[Entries taken from a collection]
*****

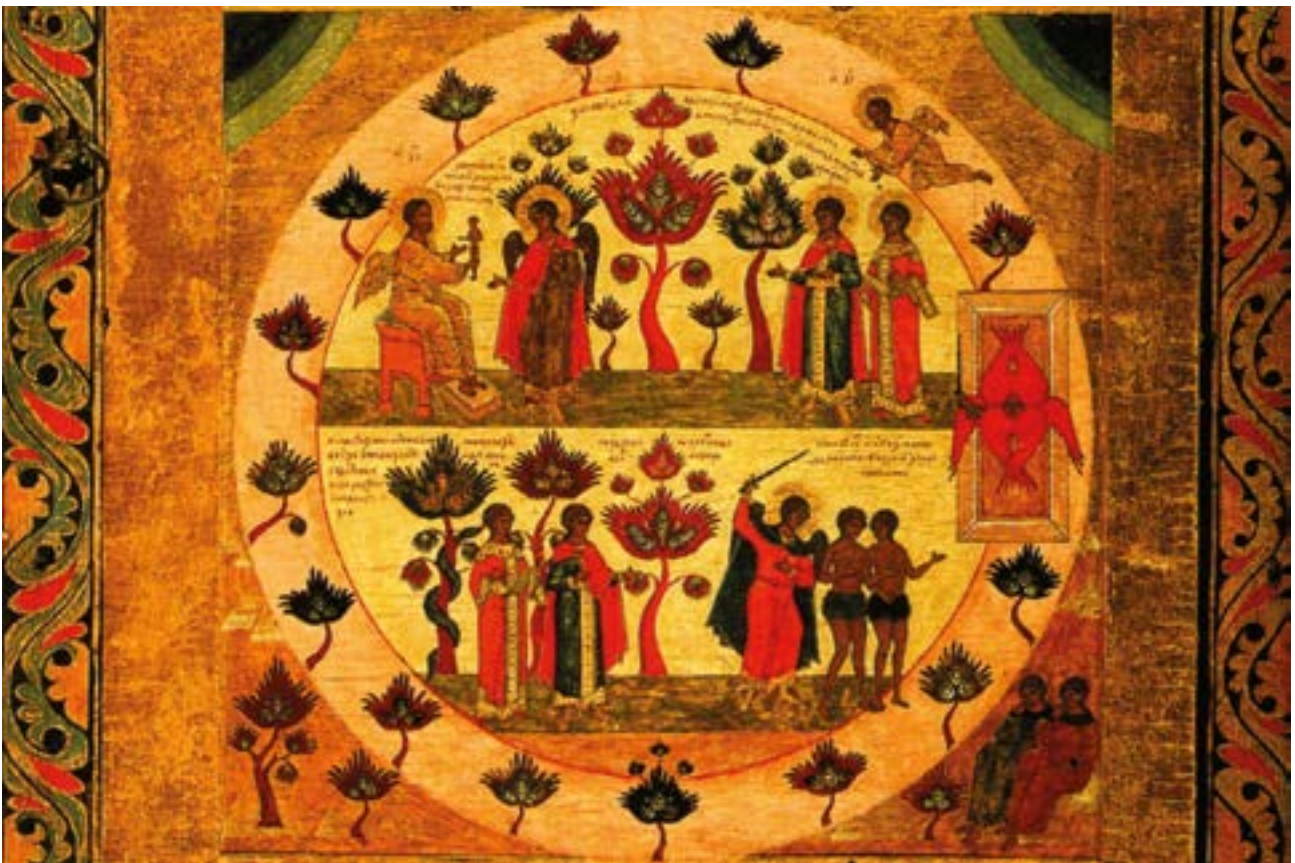
Клеймо северной алтарной двери с трехчастной композицией «Сотворение мира». 1570-е годы. Фрагмент. Благовещенский собор. Сольвычегодск.

Если бы человек и не знал из Священного Писания, что, кроме тела, он имеет еще душу, то при одном уже только внимательном отношении к себе и окружающему миру он мог бы понять, что присущие только ему: разум, сознание, совесть, вера в Бога — все то, что отличает его от животного, составляет его душу. (По проповедям митрополита Крутицкого и Коломенского Николая (Ярушевича)). https://azbyka.ru/otechnik/Joann_Krestjankin/razmyshlenija-o-bessmertnoj-dushe/
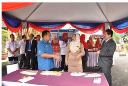
Program NBOS JPA 1Pesara @Zon Selatan
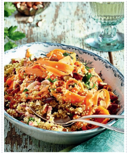
Möhren-Quinoa-Salat Heft 10 Seite 28
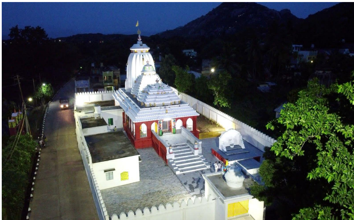
ଚିକିଟିଗଡ଼ ଜଗନ୍ନାଥ ମନ୍ଦିରର ମରାମତି ଓ ନବୀକରଣ, ଚିକିଟି NAC, ଗଞ୍ଜାମ
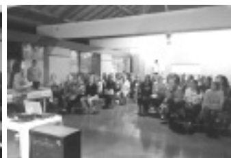
Treinamento das Serventes Escolares

GRÁFICA E JORNAL TRIBUNA POPULAR - 3445-2130
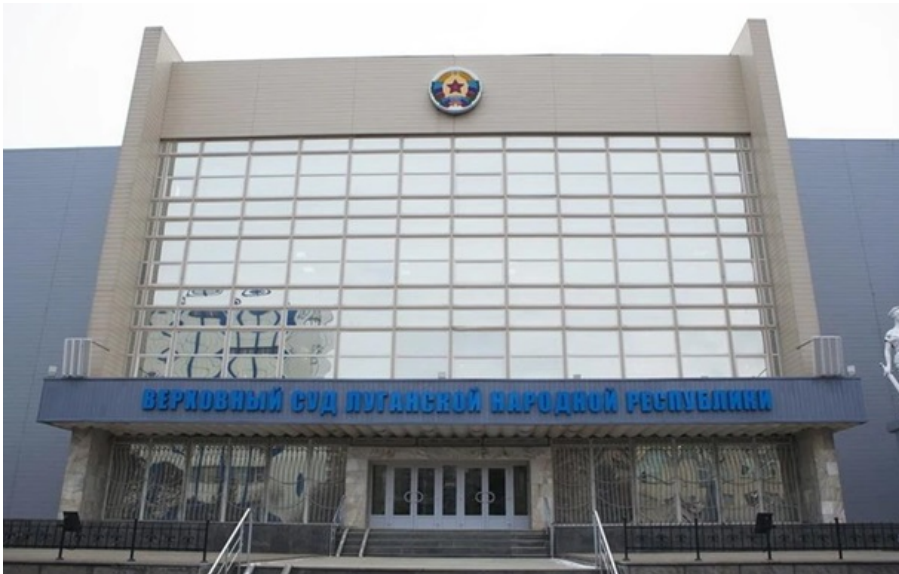
Фото: Російські ЗМІ (ілюстративне фото)

Так званий "верховний суд ЛНР" ухвалив обвинувальний вирок щодо 47-річного громадянина Республіки Польща
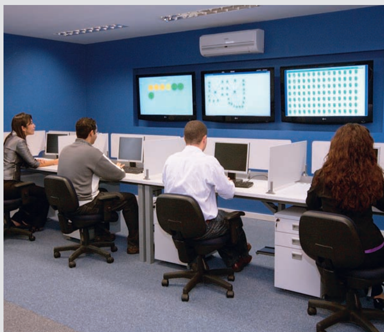
Estrutura de desenvolvimento de softwares alia tecnologia e conhecimento
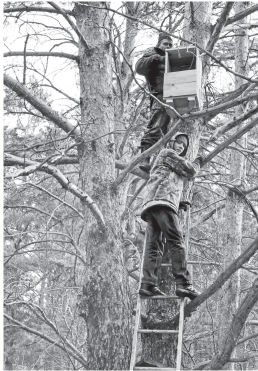
Установка совятника.

Трудности передвижения к совятникам на большие расстояния через грязь тоже не способствовали детскому энтузиазму. Поздней весной я несколько раз возила детей на своей машине. Однако в распутицу, когда совы делают кладки,
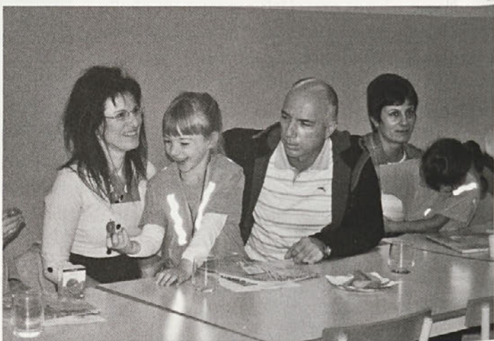
Danes je srečen dan ...
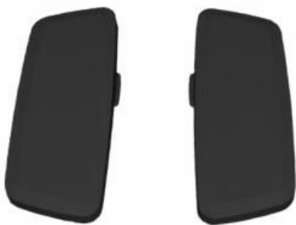
Sedus 3D Armauflagenpaar Softtouch für Bürostühle

*****

Requirement: Each record has to be set down verbatim, and the pictures must not appear in the copy.

Output for this exercise:
Клеймо северной алтарной двери с трехчастной композицией «Сотворение мира». 1570-е годы. Фрагмент. Благовещенский собор. Сольвычегодск.

Если бы человек и не знал из Священного Писания, что, кроме тела, он имеет еще душу, то при одном уже только внимательном отношении к себе и окружающему миру он мог бы понять, что присущие только ему: разум, сознание, совесть, вера в Бога — все то, что отличает его от животного, составляет его душу. (По проповедям митрополита Крутицкого и Коломенского Николая (Ярушевича)). https://azbyka.ru/otechnik/Joann_Krestjankin/razmyshlenija-o-bessmertnoj-dushe/
Program NBOS JPA 1Pesara @Zon Selatan
Möhren-Quinoa-Salat Heft 10 Seite 28
ଚିକିଟିଗଡ଼ ଜଗନ୍ନାଥ ମନ୍ଦିରର ମରାମତି ଓ ନବୀକରଣ, ଚିକିଟି NAC, ଗଞ୍ଜାମ
Treinamento das Serventes Escolares

GRÁFICA E JORNAL TRIBUNA POPULAR - 3445-2130
Фото: Російські ЗМІ (ілюстративне фото)

Так званий "верховний суд ЛНР" ухвалив обвинувальний вирок щодо 47-річного громадянина Республіки Польща
Estrutura de desenvolvimento de softwares alia tecnologia e conhecimento
Установка совятника.

Трудности передвижения к совятникам на большие расстояния через грязь тоже не способствовали детскому энтузиазму. Поздней весной я несколько раз возила детей на своей машине. Однако в распутицу, когда совы делают кладки,
Danes je srečen dan ...
Sedus 3D Armauflagenpaar Softtouch für Bürostühle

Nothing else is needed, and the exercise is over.